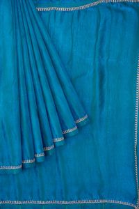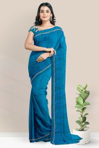 Shimmer Georgette And Scallop Zari Border Blue And Green Mix Saree
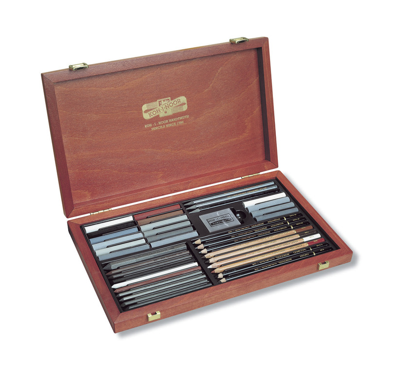 Súprava obsahuje rôzne umelecké ceruzy, tuhy a kriedy vysokej kvality v drevenej kazete:
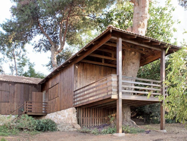 ใช้โครงสร้างไม้ ที่ออกแบบรูปทรงเรียบง่ายที่สุด ดีไซน์ให้บ้านนั้น อยู่คร่อมทับต้นไม้ใหญ่ เจาะหลังคาให้ต้นไม้ได้ทะลุผ่าน ใสพร้อมหลังคาเพิงหมาแหงน และเฉลียงขนาดกำลังดี
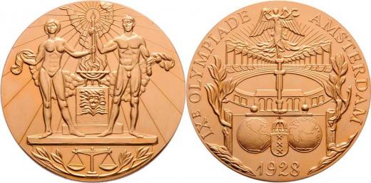 Amsterdam 1928 (pozdější) - IX.letní olympijské hry - alegorie / Niké nad stadionem, mapy, písmo, Nesign., zlacený bronz 50 mm
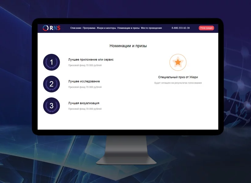Готовое решение для анонсирования и продвижения хакатона по разработке программных решений или IT-конкурса.

^^^^^^^^

> _TASK GOAL_: An exact reproduction of the data is required, with pictures excluded.

> _FINISHED TASK_:
 Shimmer Georgette And Scallop Zari Border Blue And Green Mix Saree
 Súprava obsahuje rôzne umelecké ceruzy, tuhy a kriedy vysokej kvality v drevenej kazete:
 ใช้โครงสร้างไม้ ที่ออกแบบรูปทรงเรียบง่ายที่สุด ดีไซน์ให้บ้านนั้น อยู่คร่อมทับต้นไม้ใหญ่ เจาะหลังคาให้ต้นไม้ได้ทะลุผ่าน ใสพร้อมหลังคาเพิงหมาแหงน และเฉลียงขนาดกำลังดี
 Amsterdam 1928 (pozdější) - IX.letní olympijské hry - alegorie / Niké nad stadionem, mapy, písmo, Nesign., zlacený bronz 50 mm
Готовое решение для анонсирования и продвижения хакатона по разработке программных решений или IT-конкурса.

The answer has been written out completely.